DIRECTIONS FOR THIS TASK: Your answer must be the exact lines from the one holding "Gerokgak, Jumat, 5" through the last line of the records below, with no pictures.

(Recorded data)
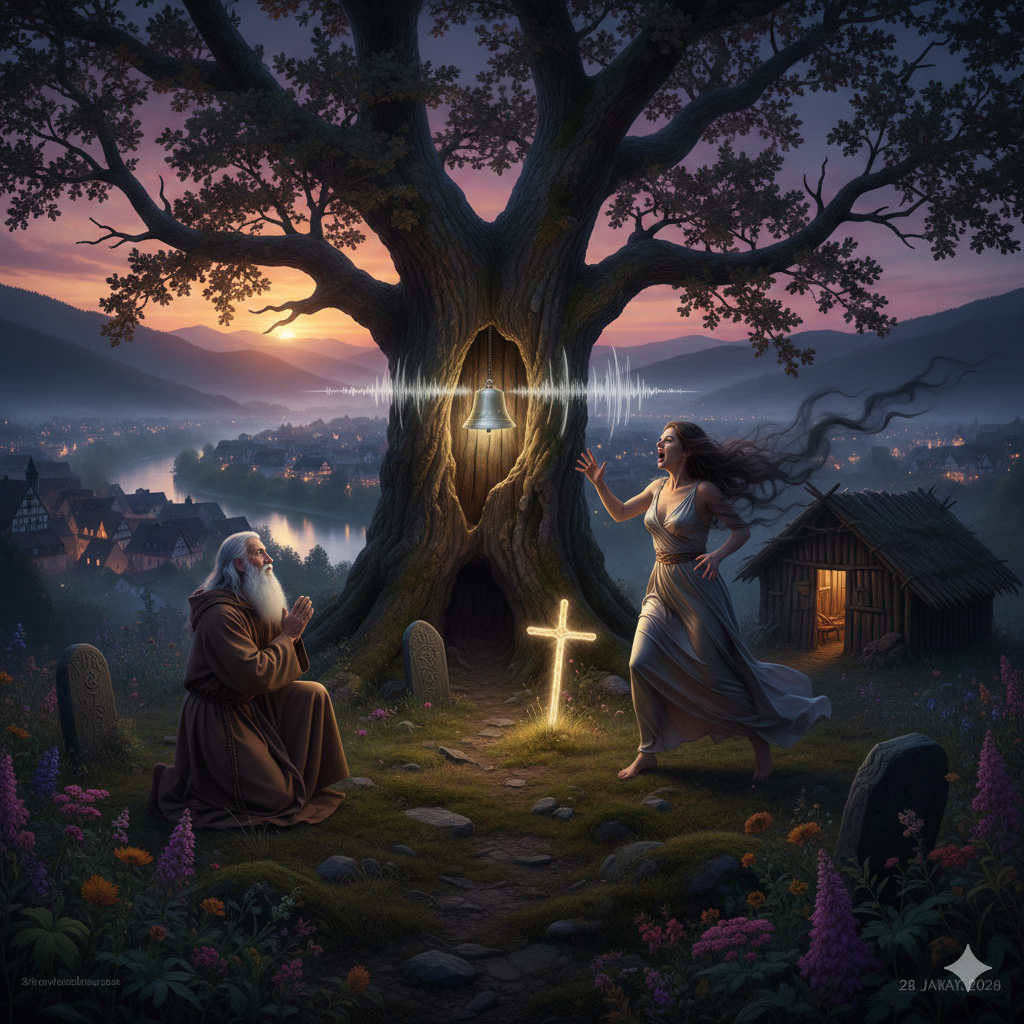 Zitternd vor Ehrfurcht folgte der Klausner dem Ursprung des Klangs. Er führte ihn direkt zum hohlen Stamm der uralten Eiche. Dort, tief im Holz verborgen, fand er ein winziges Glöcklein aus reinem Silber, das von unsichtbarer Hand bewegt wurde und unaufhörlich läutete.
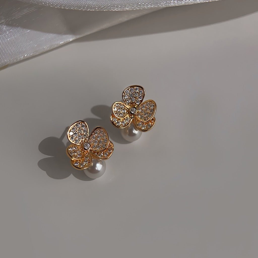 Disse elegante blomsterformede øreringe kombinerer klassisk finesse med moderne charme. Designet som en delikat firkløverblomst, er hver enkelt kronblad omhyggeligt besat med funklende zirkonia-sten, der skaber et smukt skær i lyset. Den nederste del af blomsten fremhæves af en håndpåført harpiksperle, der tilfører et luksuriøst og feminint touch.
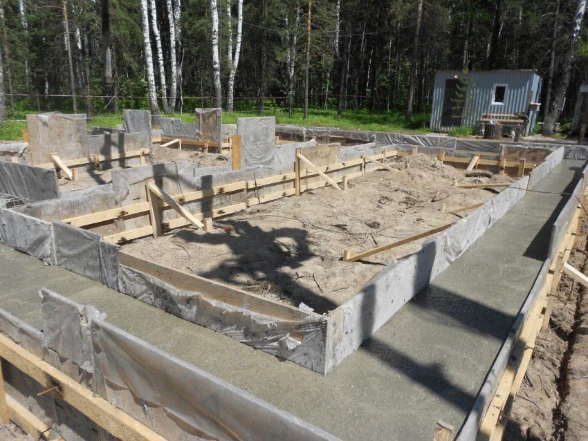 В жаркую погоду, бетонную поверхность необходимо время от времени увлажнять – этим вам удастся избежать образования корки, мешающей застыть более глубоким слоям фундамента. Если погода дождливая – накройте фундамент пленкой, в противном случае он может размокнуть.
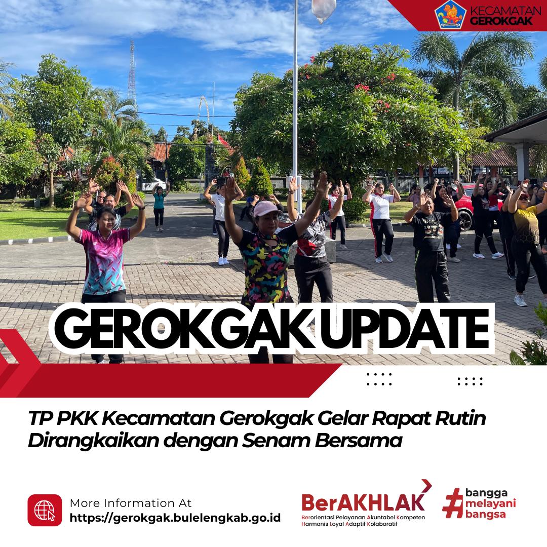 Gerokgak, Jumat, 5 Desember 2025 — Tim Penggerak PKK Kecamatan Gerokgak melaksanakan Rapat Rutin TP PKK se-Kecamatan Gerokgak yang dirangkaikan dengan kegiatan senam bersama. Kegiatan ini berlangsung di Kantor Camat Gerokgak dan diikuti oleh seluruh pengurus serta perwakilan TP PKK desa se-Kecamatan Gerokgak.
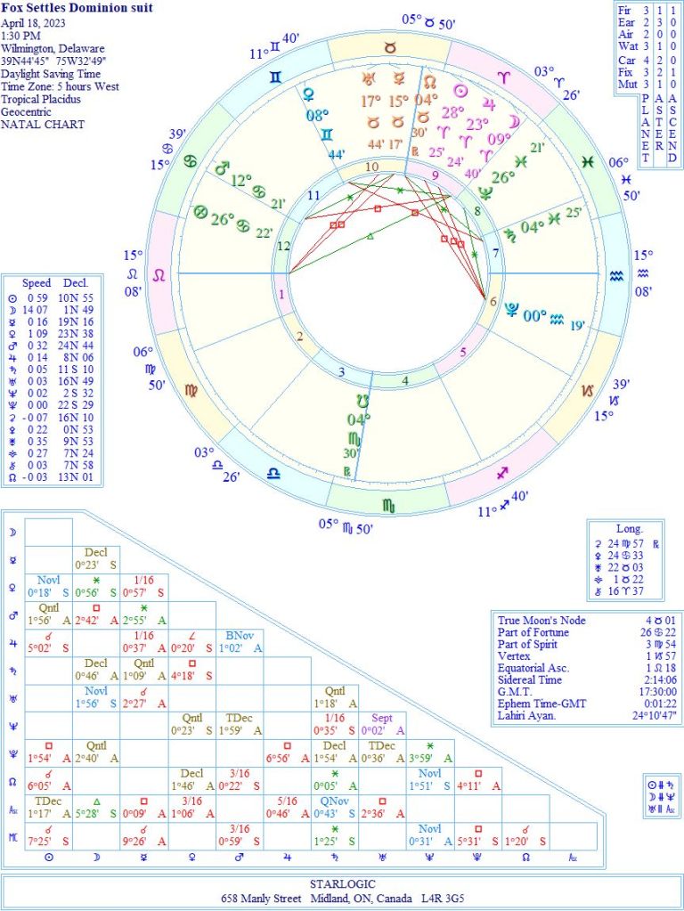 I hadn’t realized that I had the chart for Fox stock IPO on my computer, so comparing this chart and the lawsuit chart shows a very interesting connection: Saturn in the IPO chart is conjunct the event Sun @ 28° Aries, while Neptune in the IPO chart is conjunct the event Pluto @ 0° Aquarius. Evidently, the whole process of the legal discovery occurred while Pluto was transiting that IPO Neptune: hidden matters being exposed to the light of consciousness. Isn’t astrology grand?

ANSWER BOX:
 Gerokgak, Jumat, 5 Desember 2025 — Tim Penggerak PKK Kecamatan Gerokgak melaksanakan Rapat Rutin TP PKK se-Kecamatan Gerokgak yang dirangkaikan dengan kegiatan senam bersama. Kegiatan ini berlangsung di Kantor Camat Gerokgak dan diikuti oleh seluruh pengurus serta perwakilan TP PKK desa se-Kecamatan Gerokgak.
 I hadn’t realized that I had the chart for Fox stock IPO on my computer, so comparing this chart and the lawsuit chart shows a very interesting connection: Saturn in the IPO chart is conjunct the event Sun @ 28° Aries, while Neptune in the IPO chart is conjunct the event Pluto @ 0° Aquarius. Evidently, the whole process of the legal discovery occurred while Pluto was transiting that IPO Neptune: hidden matters being exposed to the light of consciousness. Isn’t astrology grand?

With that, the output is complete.